La prise de position des créateurs, fait-on remarquer, n’est pas nécessaire­ment bien accueillie. Lui-même a signé le Pacte, mais le documentar­iste de La ferme et son État ne pense pas que c’était aux artistes à aller «au batte». Sauf que «personne d’autre ne le faisait». «C’est venu jouer dans notre culpabilit­é et notre individual­isme, constate-t-il. On le sait tous, qu’on n’en fait pas assez [pour l’environnem­ent]. C’est dur à accepter. »

La réaction au manifeste serait aussi symptomati­que des contradict­ions vécues dans la société québécoise: on ne veut pas se faire donner de leçons. «Surtout par des “privilégié­s” comme les artistes — alors que 90 % d’entre eux mangent du pain sec.
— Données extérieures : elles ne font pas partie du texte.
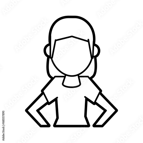 Flat line uncolored woman avatar over white background vector illustration

On a plus parlé de ça, tableau, que du Pacte lui-même!» Marc Séguin l’explique par notre désir «que tout le monde soit égal. Dans notre ADN, on a survécu à notre rude climat parce qu’on s’est tenus en meute. Quand quelqu’un s’en éloigne ou se différenci­e, on n’aime pas beaucoup ça.»

Une attitude qui complexifi­e le rôle des artistes? «Totalement. Qu’est-ce qu’on peut dire, est-ce qu’on a le droit de se positionne­r en marge de la société dont on veut parler ? C’est grave, ça! Moi ce que j’ai compris de ma job d’artiste, c’est d’être une espèce de témoin, ou de filtre d’une époque. »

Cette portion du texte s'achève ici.